• _REQUIREMENT_: Print every line below exactly. Skip the pictures.

• _EXERCISE DATA_:
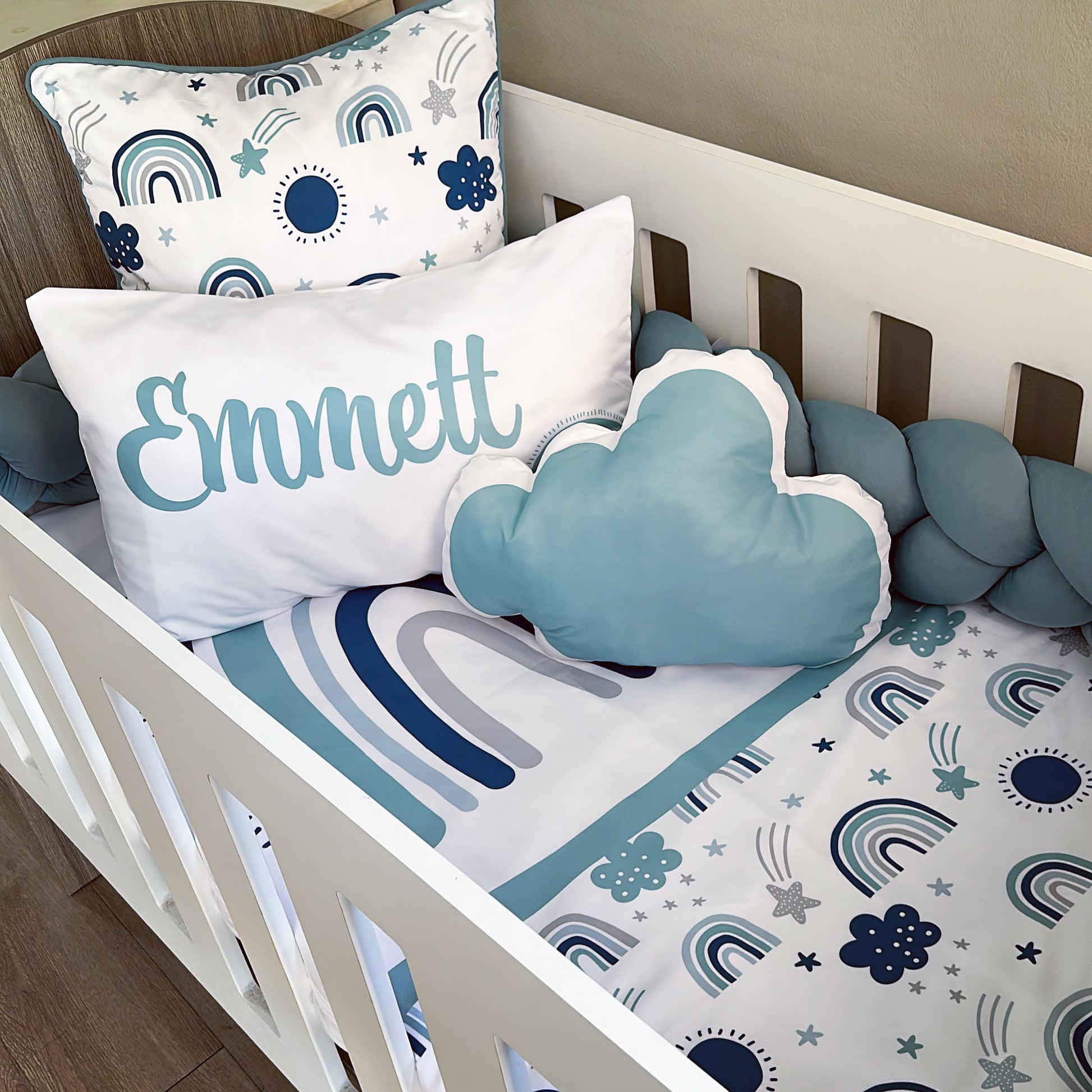 The Standard Set: Standard Duvet Cover & Inner (80 x 110cm) | 2,5m Braided Bumper | Cot Pillow Cover & Inner | Scatter Cover & Inner | Name Pillow Cover & Inner | White Fitted Sheet
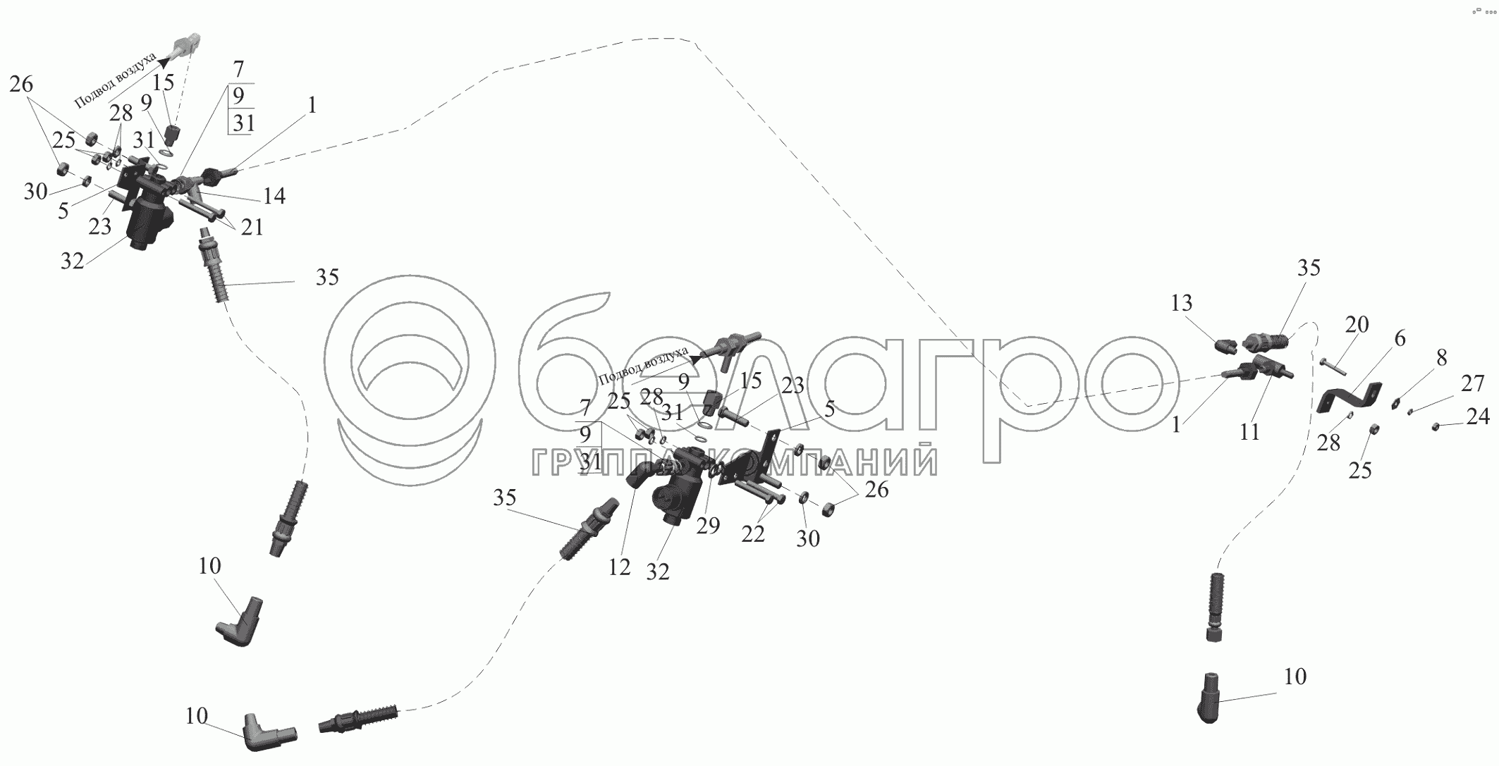 Каталог запасных частей к технике: МАЗ-650119. Установка привода управления блокировкой 650119-2500024
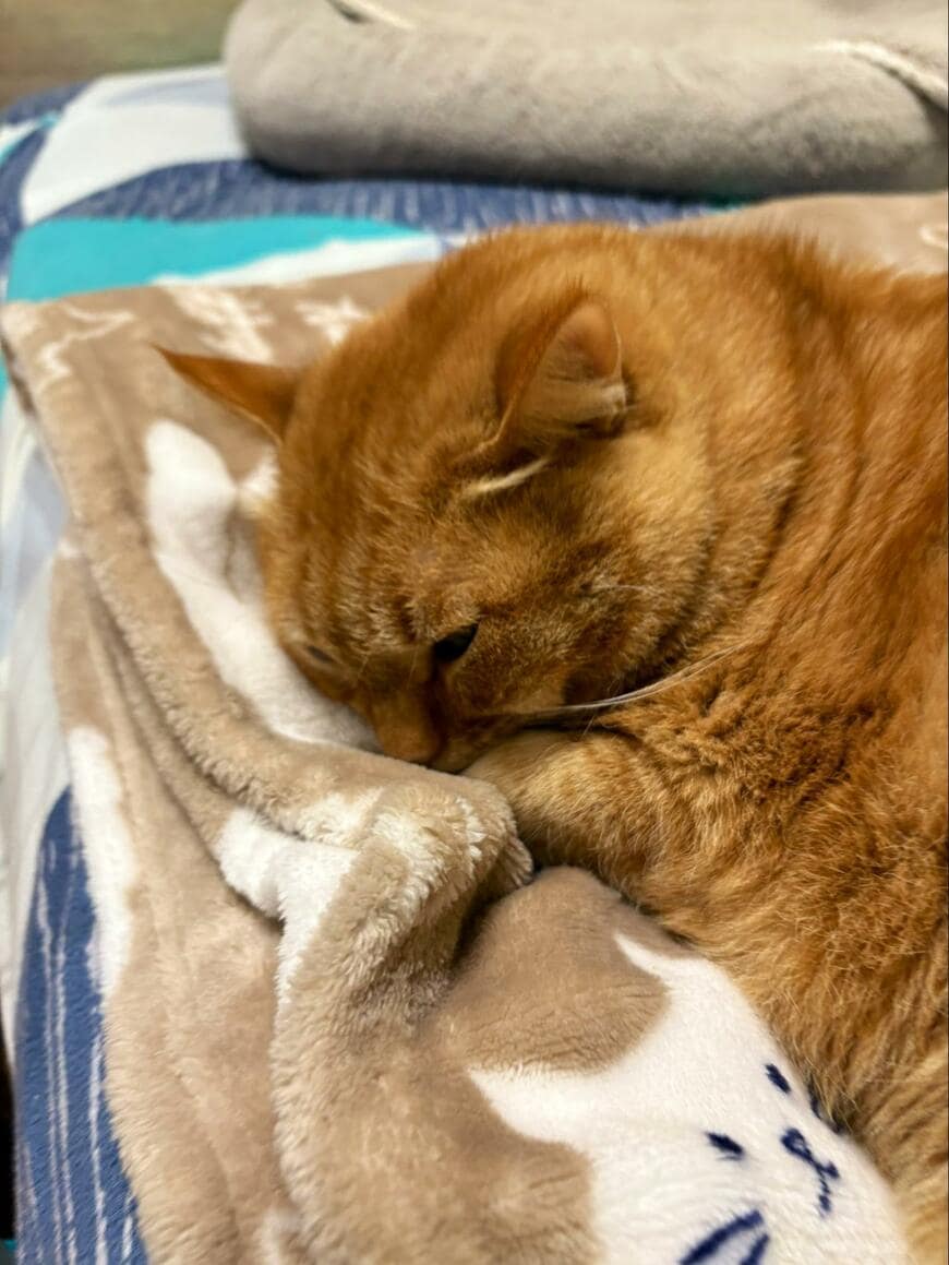 写真をよく見てみると、寝ているように見えたすずくんは薄目を開けて「ジッ」とこちらを見ていたのでした。

• _PROBLEM SOLUTION_:
 The Standard Set: Standard Duvet Cover & Inner (80 x 110cm) | 2,5m Braided Bumper | Cot Pillow Cover & Inner | Scatter Cover & Inner | Name Pillow Cover & Inner | White Fitted Sheet
 Каталог запасных частей к технике: МАЗ-650119. Установка привода управления блокировкой 650119-2500024
 写真をよく見てみると、寝ているように見えたすずくんは薄目を開けて「ジッ」とこちらを見ていたのでした。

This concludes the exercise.